The report never uses the word “bubble,” preferring the more neutral-sounding term “froth,” and points to excessive enthusiasm led to runaway house price growth, followed by the inevitable snap-back once there weren’t enough buyers to keep the party going.
In other words, people panicked. Expecting house prices to keep growing rapidly, they jumped into the market as soon as they could, and so further pushed up prices and home sales.
Then new taxes and mortgage rules took hold.
The real estate board press release this week announced another decline in home sales, and groups like Mortgage Professionals Canada have repeatedly warned that the rule risks shutting an entire generation out of home ownership.
They’re calling on the government to remove or loosen the test, which requires borrowers to qualify at an interest rate two percentage points higher than the one they’re being offered.
While the mortgage stress test did play a role, it was a minor one, the BoC concluded.

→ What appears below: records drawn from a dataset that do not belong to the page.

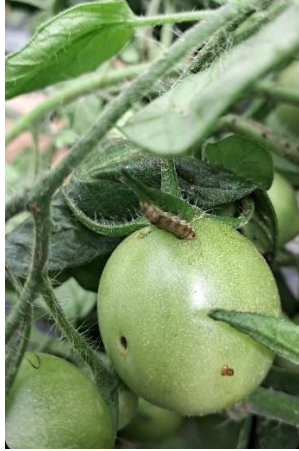
པར་རིས་༡༩ པ། གཞོན་འབྲུག་ Helicoverpa armigera

གཞོན་འབྲུག་གིས་ མགུ་ཉོ་ནང་ན་བཙུགས་ཏེ་ རྟོག་མ་ཚུ་ནང་ རྟོང་སྟེད་དེ་འཛུལ་ཕྱིན། འབྲུག་གིས་ རྟོག་མ་གཅིག་ལས་ གཞན་ལུ་སྟོ་སྟེ་ གཞོན་སྐྱོན་རྒྱབ་སྟེ་ སོན་བཏོན་ནི་ལུ་ འོས་འབབ་མེད་པ་བཟོ་ཕྱིན། རྟོག་མ་གི་ལ་ཐོག་ལུ་ རྟོང་ སྐྱར་སྐྱར་སྟེ་ཡོད་མི་འདི་ འབྲུག་གིས་གཞོན་སྐྱོན་རྒྱབ་བའི་རྟོགས་ཅིག་ཡིན།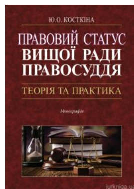
Правовий статус Вищої ради правосуддя: теорія та практика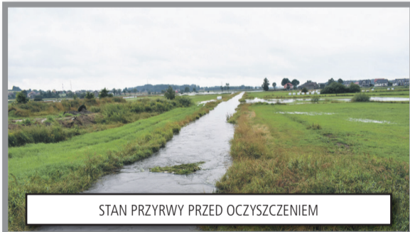
STAN PRZYRWY PRZED OCZYSZCZENIEM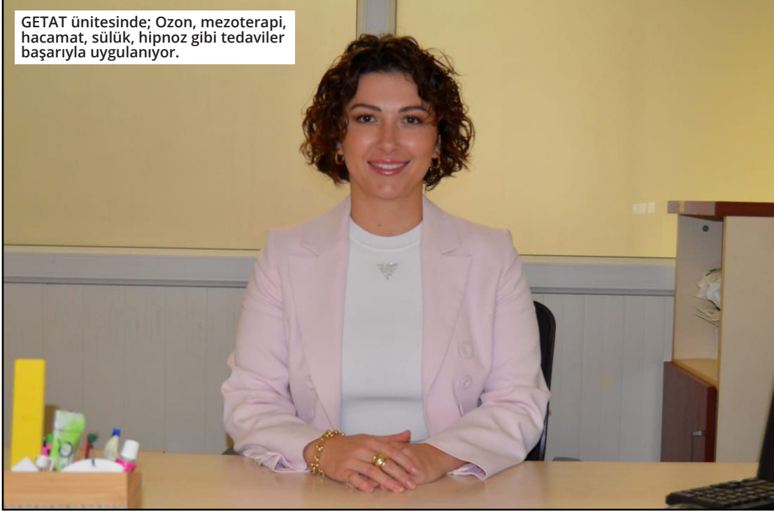
GETAT ünitesinde; Ozon, mezoterapi, hacamat, sülük, hipnoz gibi tedaviler başarıyla uygulanıyor.

Mezoterapi tedavisi ile ilgili bilgiler aktaran Dr. Dağışan, Mezoterapi çeşitli amaçlarla düşük dozda hazırlanan ilaçların, mezoterapi iğneleri ile derinin orta kısmına enjekte edilmesidir. GETAT Ünitemizde mezoterapi işlemi tıbbi endikasyonlarla uygulamaya başladık. Migren, akut ve kronik ağrıları semptomlarında mezoterapi tedavisi yapmaktayız. Gebelere, emziren annelere, inme-felç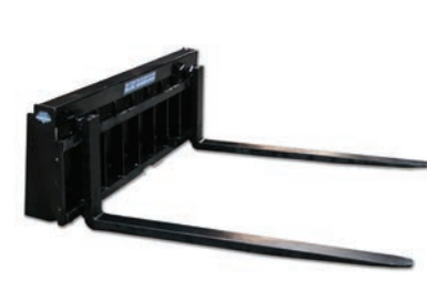
AMPLIO PERFIL BAJO 6,000 LBS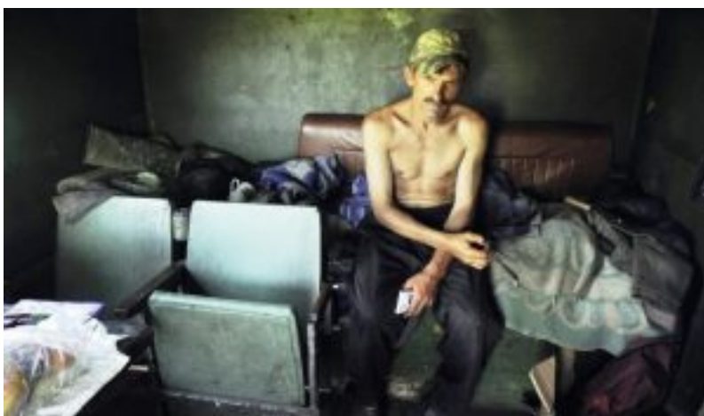
Armut in Polen. Selber schuld?

Die Millionenschar der Verlierer rücksichtsloser Abwicklungen und zwielichtiger Privatisierungen verschwand dabei fast völlig im Dunklen. Ganz im Geiste des damals salonfähig gewordenen „Lumpenliberalismus“, hieß es, da kann man nichts tun. Diese Menschen seien selbst schuld an ihrem Schicksal, weil zu unbeholfen, zu faul, trunksüchtig, nicht anpassungsfähig, kinderreich, zu provinziell um ins Ausland auf Arbeitssuche zu gehen usw., usf.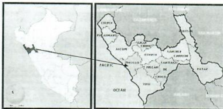
Imagen 01-06: Localización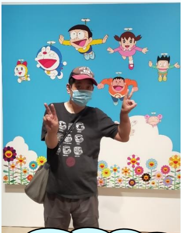
ドラえもん展へ。 たくさん作品がありました！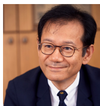
東京大学教授 / 慶應義塾大学教授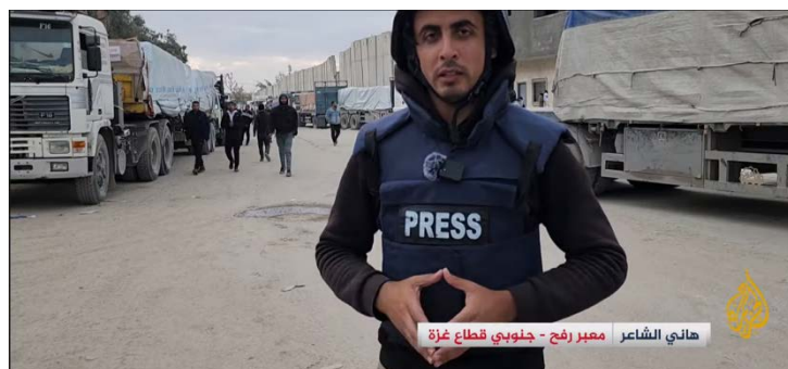
כתב ערוץ אלג'זירה מדווח על כניסת משאיות סיוע (ערוץ היוטיוב של אלג'זירה, 25 בינואר 2024)

A lot of things happened in 2016 and 2017 to slow down what was at the time an overheated housing market. British Columbia and Ontario introduced foreign buyers’ taxes. Canada’s banking regulator, OSFI, progressively toughened mortgage lending rules. And the Bank of Canada began raising interest rates.
For real estate prices to rise again, it is a matter of affordability. A recent study from Zoocasa highlighted how extreme the problem has become. It estimates only the top 2.5 per cent of Vancouver’s earners, and the top 10 per cent of Toronto’s earners, could afford a detached home today. Only the top 25 per cent of earners in these cities can even afford a condo.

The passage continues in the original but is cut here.